Step	Hyp	Ref	Expression
1		fveqeq2 6878	. . . . 5 ⊢ (𝑥 = 𝑌 → ((𝐷‘𝑥) = 𝐾 ↔ (𝐷‘𝑌) = 𝐾))
2	1	notbid 320	. . . 4 ⊢ (𝑥 = 𝑌 → (¬ (𝐷‘𝑥) = 𝐾 ↔ ¬ (𝐷‘𝑌) = 𝐾))
3		frgrwopreg.b	. . . . 5 ⊢ 𝐵 = (𝑉 ∖ 𝐴)
4		frgrwopreg.a	. . . . . 6 ⊢ 𝐴 = {𝑥 ∈ 𝑉 ∣ (𝐷‘𝑥) = 𝐾}
5	4	difeq2i 4079	. . . . 5 ⊢ (𝑉 ∖ 𝐴) = (𝑉 ∖ {𝑥 ∈ 𝑉 ∣ (𝐷‘𝑥) = 𝐾})

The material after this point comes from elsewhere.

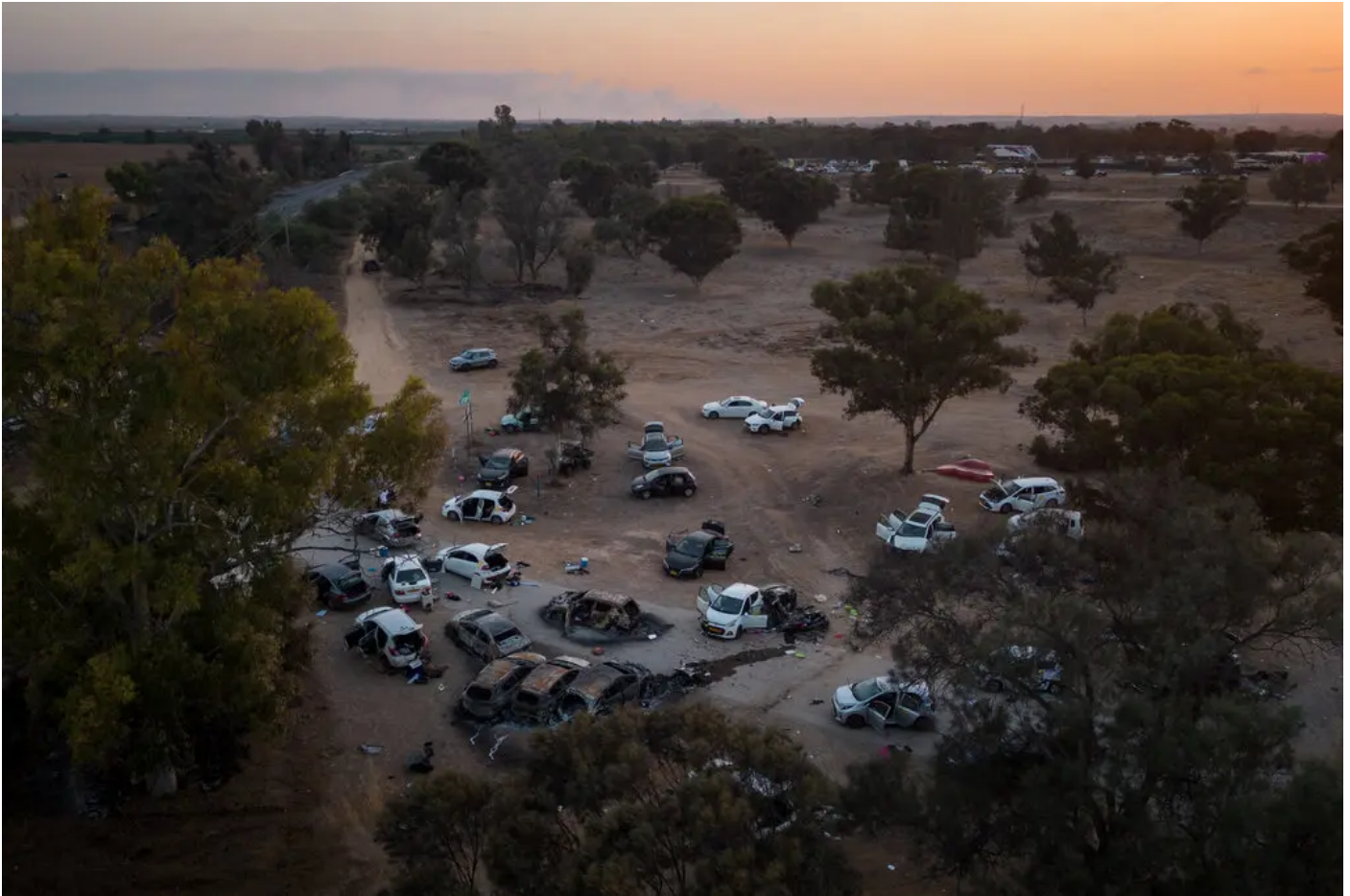
A camp area on Oct. 11 at the rave site in southern Israel.

Many of the accounts are difficult to bear, and the visual evidence is disturbing to see.

6		notrab 4276	. . . . 5 ⊢ (𝑉 ∖ {𝑥 ∈ 𝑉 ∣ (𝐷‘𝑥) = 𝐾}) = {𝑥 ∈ 𝑉 ∣ ¬ (𝐷‘𝑥) = 𝐾}
7	3, 5, 6	3eqtri 2791	. . . 4 ⊢ 𝐵 = {𝑥 ∈ 𝑉 ∣ ¬ (𝐷‘𝑥) = 𝐾}
8	2, 7	elrab2 3656	. . 3 ⊢ (𝑌 ∈ 𝐵 ↔ (𝑌 ∈ 𝑉 ∧ ¬ (𝐷‘𝑌) = 𝐾))

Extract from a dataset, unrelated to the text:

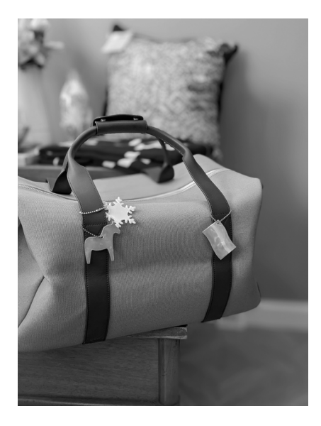
Three of our most popular funflectors: snow-flake, dala horse and pride flag.

The Museum Store now offers Swedish match boxes and a limited number of beautiful silver match accessories styled as rings, earrings, and tie tacks, which is soon to sell out.

9		fveqeq2 6878	. . . . . 6 ⊢ (𝑥 = 𝑋 → ((𝐷‘𝑥) = 𝐾 ↔ (𝐷‘𝑋) = 𝐾))
10	9, 4	elrab2 3656	. . . . 5 ⊢ (𝑋 ∈ 𝐴 ↔ (𝑋 ∈ 𝑉 ∧ (𝐷‘𝑋) = 𝐾))

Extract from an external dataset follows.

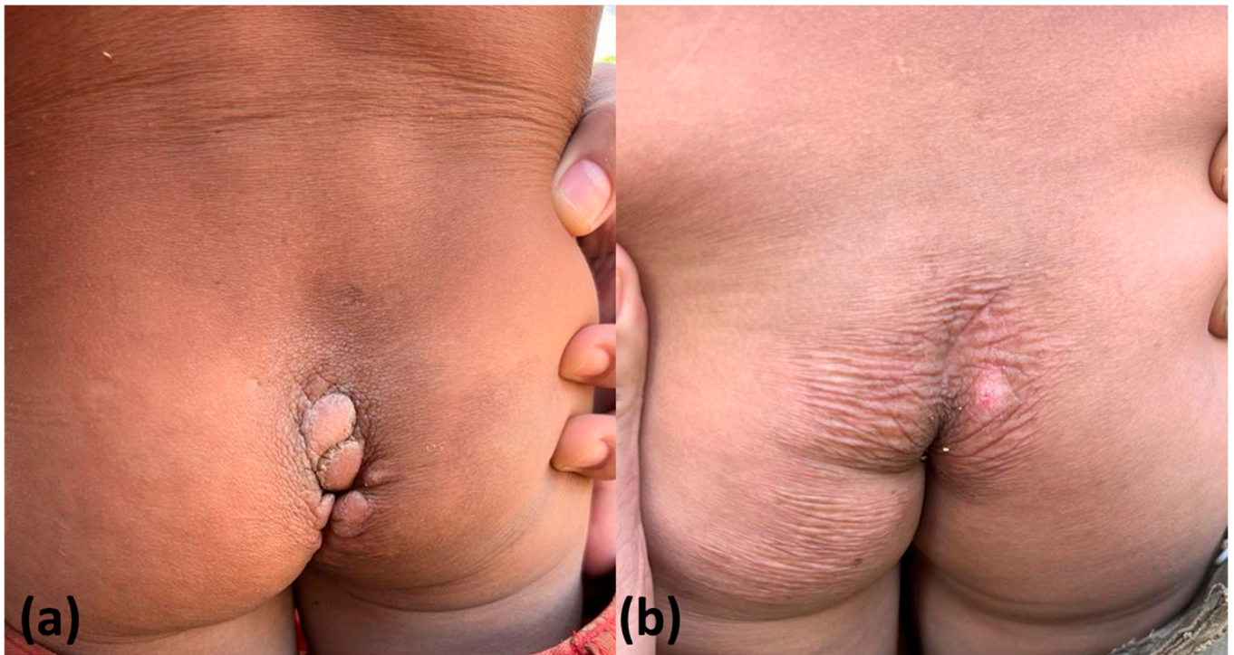
Figure 6. Details of coccygeal tungiasis (a) and (b) lesions at 3 months after application of NYDA ® . Hypertrophic scars remain indefinitely in some cases (a).

11		eqeq2 2776	. . . . . . 7 ⊢ ((𝐷‘𝑋) = 𝐾 → ((𝐷‘𝑌) = (𝐷‘𝑋) ↔ (𝐷‘𝑌) = 𝐾))
12	11	notbid 320	. . . . . 6 ⊢ ((𝐷‘𝑋) = 𝐾 → (¬ (𝐷‘𝑌) = (𝐷‘𝑋) ↔ ¬ (𝐷‘𝑌) = 𝐾))
13		neqne 2967	. . . . . . 7 ⊢ (¬ (𝐷‘𝑌) = (𝐷‘𝑋) → (𝐷‘𝑌) ≠ (𝐷‘𝑋))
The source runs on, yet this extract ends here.